Your goal: Please restate every record below word for word and skip the pictures.

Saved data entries
● ● ● ● ●

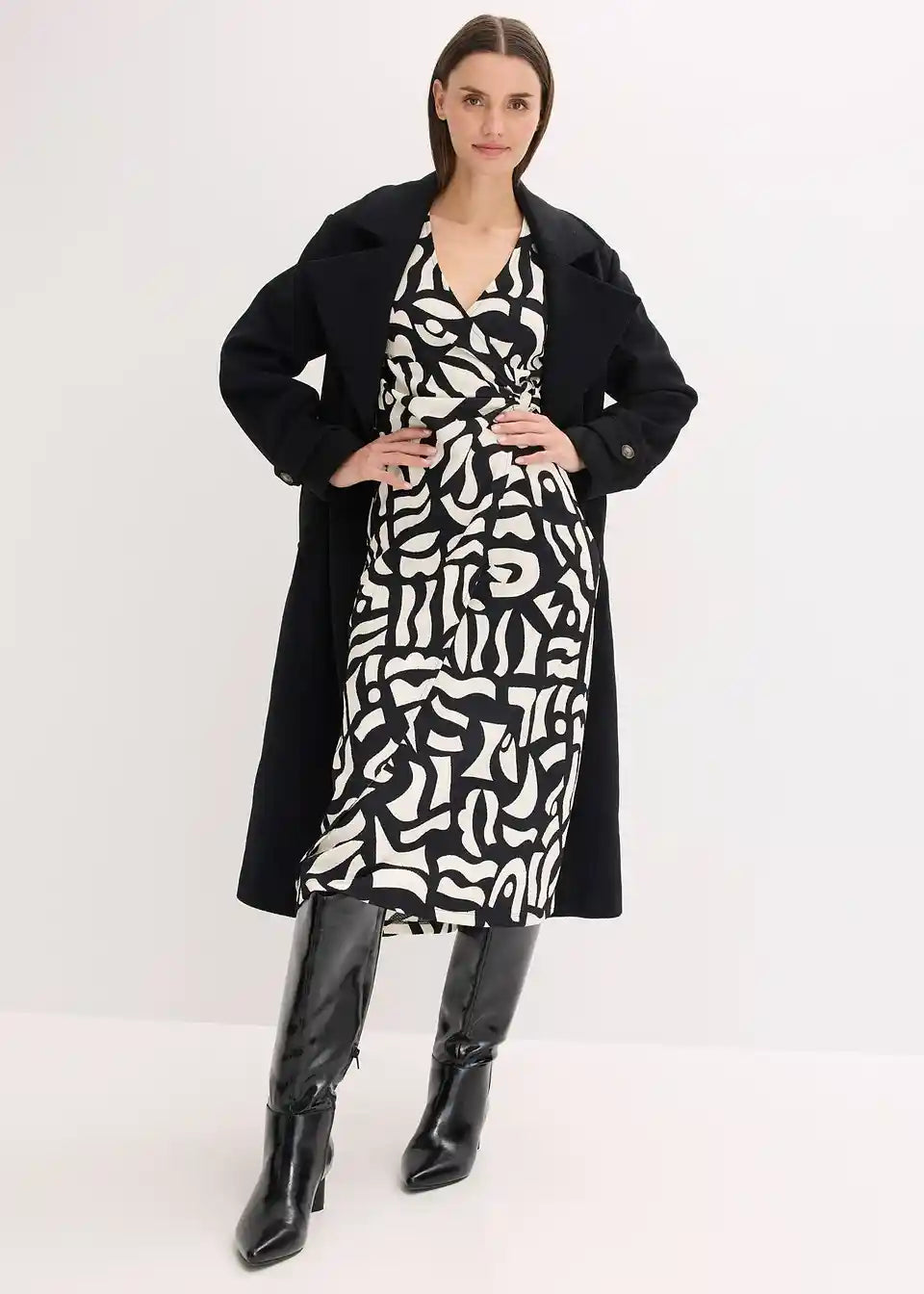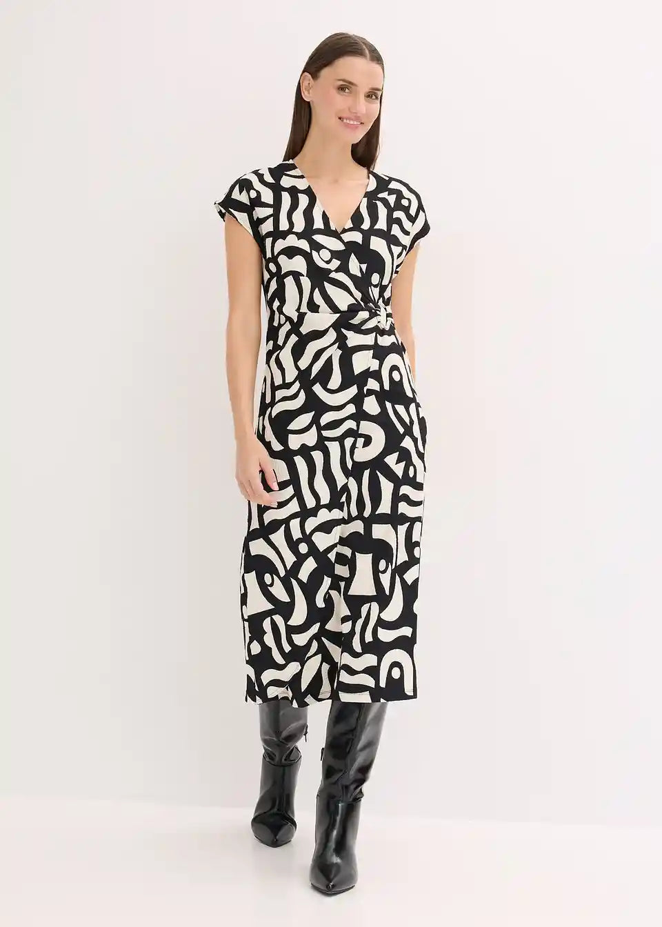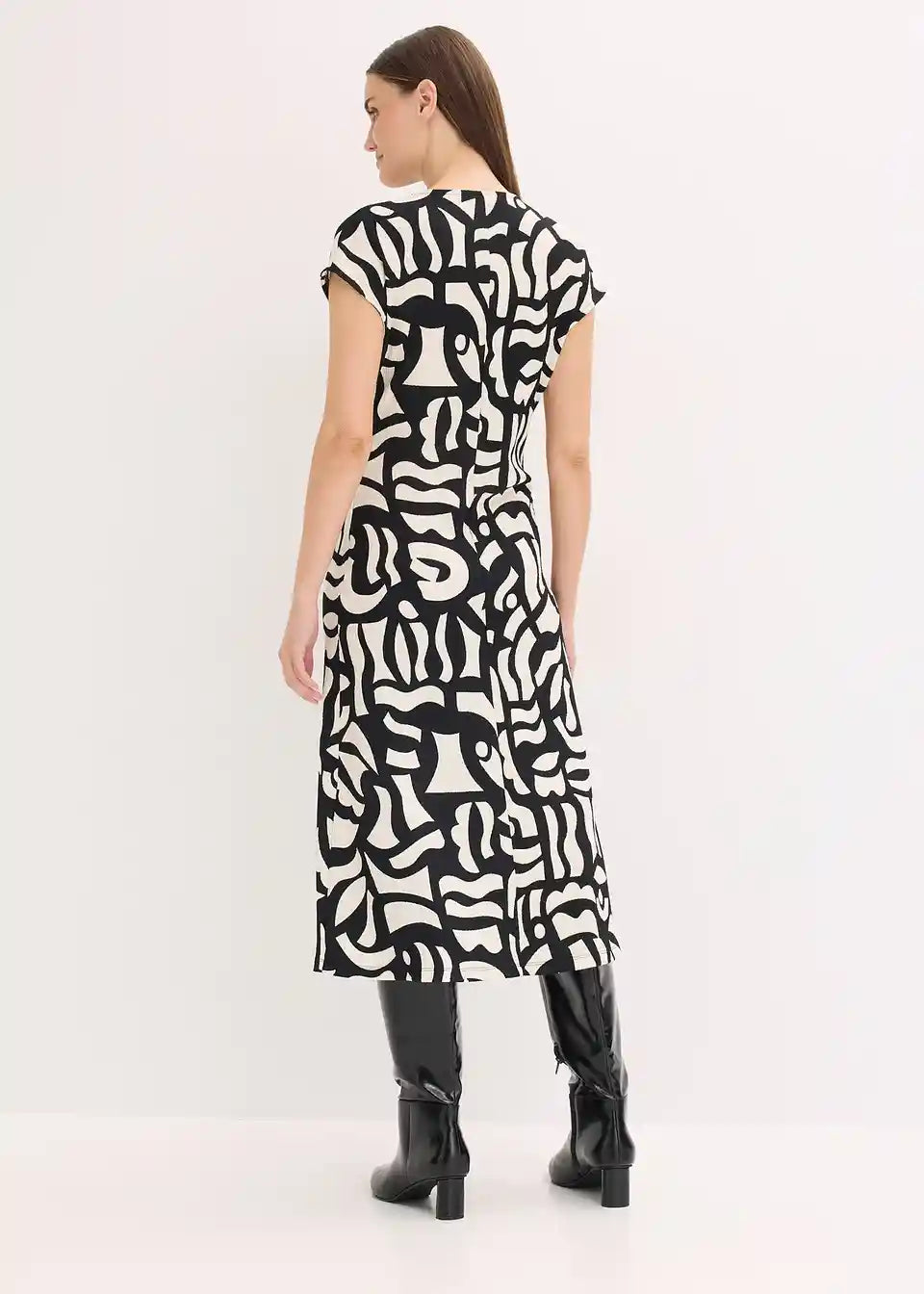 Grafički tiskana midi haljina s dekorativnim prsten-detaljem sa strane u struku
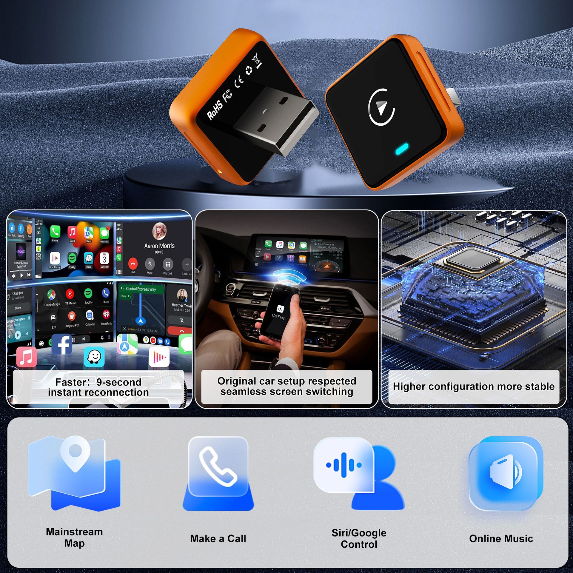 爆款无线汽车适配器carplay转换器有线转无线carplay车载互联盒子 English | 投诉
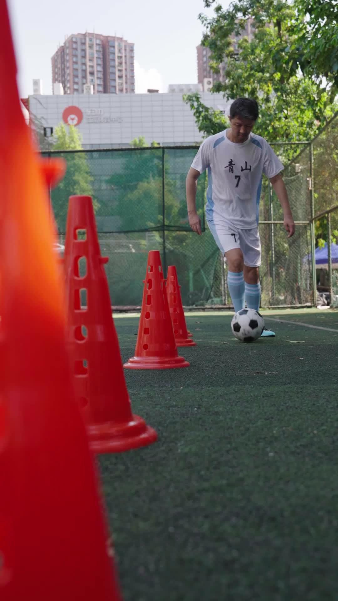 There’s something quietly devastating about a man in a white jersey with the characters ‘Qingshan’ and the number 7, standing still on artificial turf while orange cones line up like silent witnesses to his unraveling. This isn’t just a football drill—it’s a psychological checkpoint. Li Wei, the player, moves with practiced precision at first: low center of gravity, quick footwork, ball hugging his instep like a secret he’s sworn to protect. But then—something shifts. His eyes flicker toward the gate where two figures approach: Zhang Ming, in a crisp white shirt, hands clasped behind his back like a school principal who’s just caught a student cheating on an exam; and Lin Xiao, her blouse immaculate, black ribbon tied neatly at the neck, hair pinned with a silver claw clip that glints under the sun like a tiny weapon. She doesn’t walk—she *advances*. And Li Wei stops. Not because he’s tired. Not because the ball slipped. He stops because the drill has ended—not by design, but by intrusion.
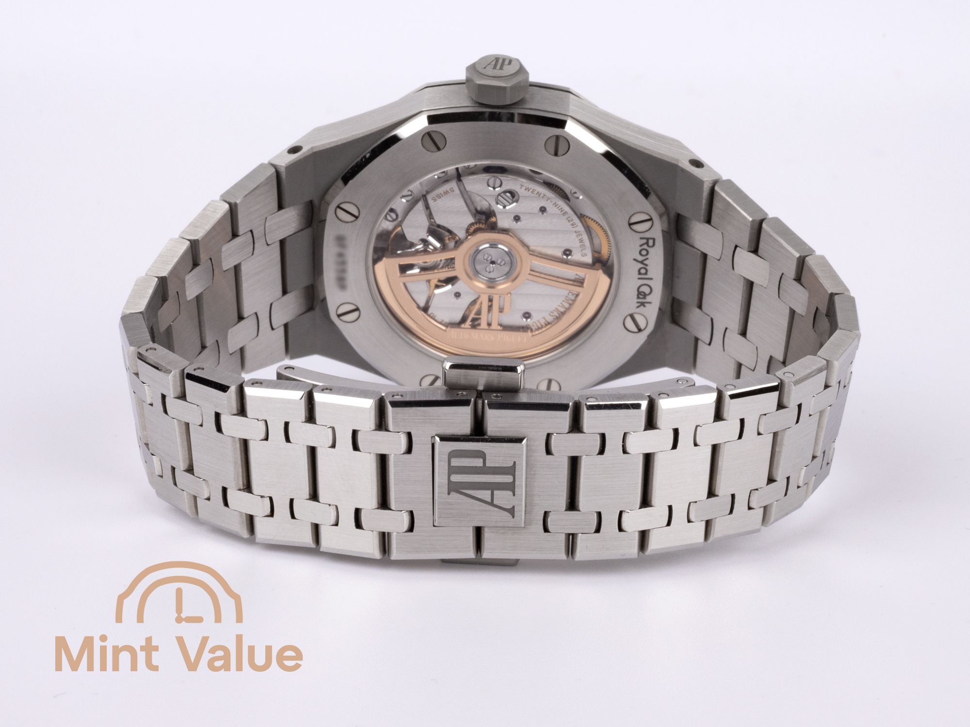 The 37 mm steel case maintains the recognizable octagonal bezel and integrated bracelet design that define the Royal Oak lineage — ideal for those seeking a versatile size that fits many wrists.
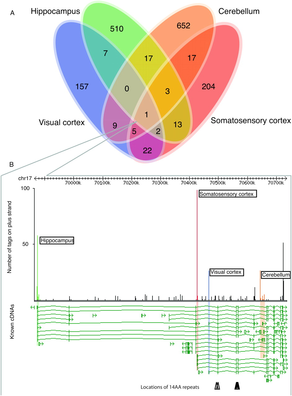 Alternative promoters preferentially expressed in different brain tissues. (A) The Venn diagram shows the number of genes having at least one preferentially expressed promoter (PEP) from any of the four sampled brain tissues, or any combination PEPs of the four tissues. For example, there are 15 genes that have at least one hippocampus PEP and one cerebellum PEP. (B) The Dlgap1 gene has four PEPs, one from each brain tissue. All of these are overlapping known 5′-ends inferred by cDNAs. There are five 14-amino-acid-long repeats in the N-terminal end of the corresponding protein that affects the ability to interact with other proteins. Repeats are indicated as triangles. Note that the cerebellum PEP is downstream from these and will give a protein that lacks these repeats.
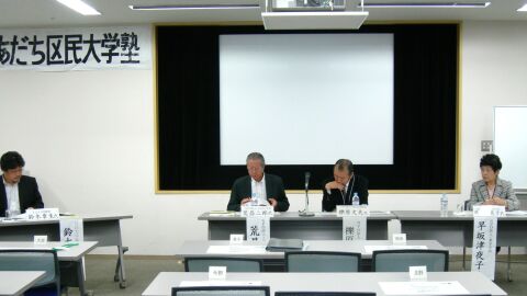 午後の部前半は、荒昌二郎氏(ふるさと学舎)、櫟原文夫氏(千住文化普及会)、早坂津夜子氏(楽学の会)、コーディネーター、鈴木章生氏によるパネルディスカッションが行われた。荒氏は、伝統文化の横のつながりを創り、文化の出前をおこなう話。櫟原氏は子ども達に心の故郷を作り、文化・歴史のイベントを通して、町おこしに貢献する話。早坂氏は、大学塾について話した。
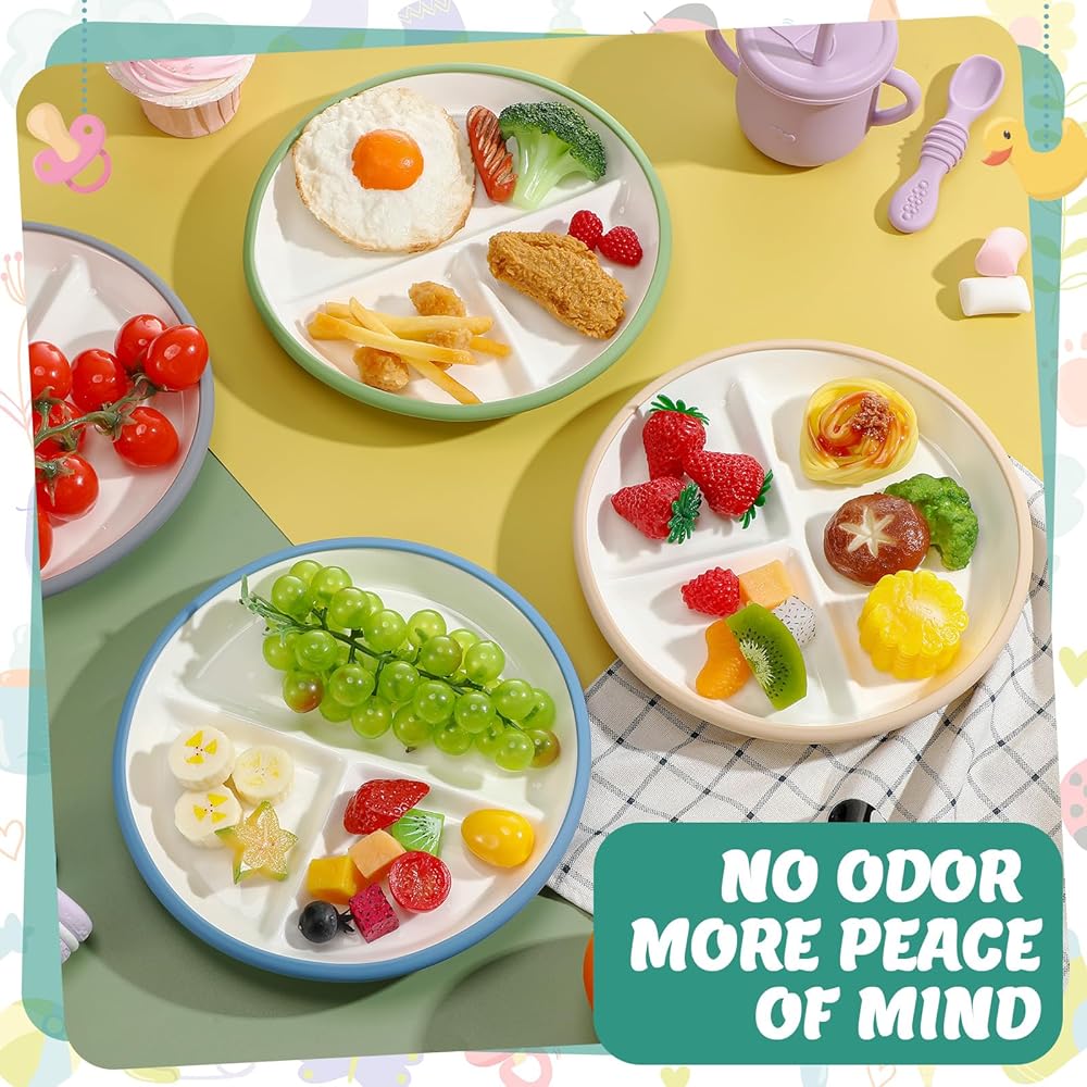 Our toddler plates can be paired with different nutritious foods, suitable for kids of different ages to enjoy and use. Your kids will like to eat with it, and it also helps them build independence and learn to feed themselves

● ● ● ● ●

Task output:
 Grafički tiskana midi haljina s dekorativnim prsten-detaljem sa strane u struku
 爆款无线汽车适配器carplay转换器有线转无线carplay车载互联盒子 English | 投诉
 There’s something quietly devastating about a man in a white jersey with the characters ‘Qingshan’ and the number 7, standing still on artificial turf while orange cones line up like silent witnesses to his unraveling. This isn’t just a football drill—it’s a psychological checkpoint. Li Wei, the player, moves with practiced precision at first: low center of gravity, quick footwork, ball hugging his instep like a secret he’s sworn to protect. But then—something shifts. His eyes flicker toward the gate where two figures approach: Zhang Ming, in a crisp white shirt, hands clasped behind his back like a school principal who’s just caught a student cheating on an exam; and Lin Xiao, her blouse immaculate, black ribbon tied neatly at the neck, hair pinned with a silver claw clip that glints under the sun like a tiny weapon. She doesn’t walk—she *advances*. And Li Wei stops. Not because he’s tired. Not because the ball slipped. He stops because the drill has ended—not by design, but by intrusion.
 The 37 mm steel case maintains the recognizable octagonal bezel and integrated bracelet design that define the Royal Oak lineage — ideal for those seeking a versatile size that fits many wrists.
 Alternative promoters preferentially expressed in different brain tissues. (A) The Venn diagram shows the number of genes having at least one preferentially expressed promoter (PEP) from any of the four sampled brain tissues, or any combination PEPs of the four tissues. For example, there are 15 genes that have at least one hippocampus PEP and one cerebellum PEP. (B) The Dlgap1 gene has four PEPs, one from each brain tissue. All of these are overlapping known 5′-ends inferred by cDNAs. There are five 14-amino-acid-long repeats in the N-terminal end of the corresponding protein that affects the ability to interact with other proteins. Repeats are indicated as triangles. Note that the cerebellum PEP is downstream from these and will give a protein that lacks these repeats.
 午後の部前半は、荒昌二郎氏(ふるさと学舎)、櫟原文夫氏(千住文化普及会)、早坂津夜子氏(楽学の会)、コーディネーター、鈴木章生氏によるパネルディスカッションが行われた。荒氏は、伝統文化の横のつながりを創り、文化の出前をおこなう話。櫟原氏は子ども達に心の故郷を作り、文化・歴史のイベントを通して、町おこしに貢献する話。早坂氏は、大学塾について話した。
 Our toddler plates can be paired with different nutritious foods, suitable for kids of different ages to enjoy and use. Your kids will like to eat with it, and it also helps them build independence and learn to feed themselves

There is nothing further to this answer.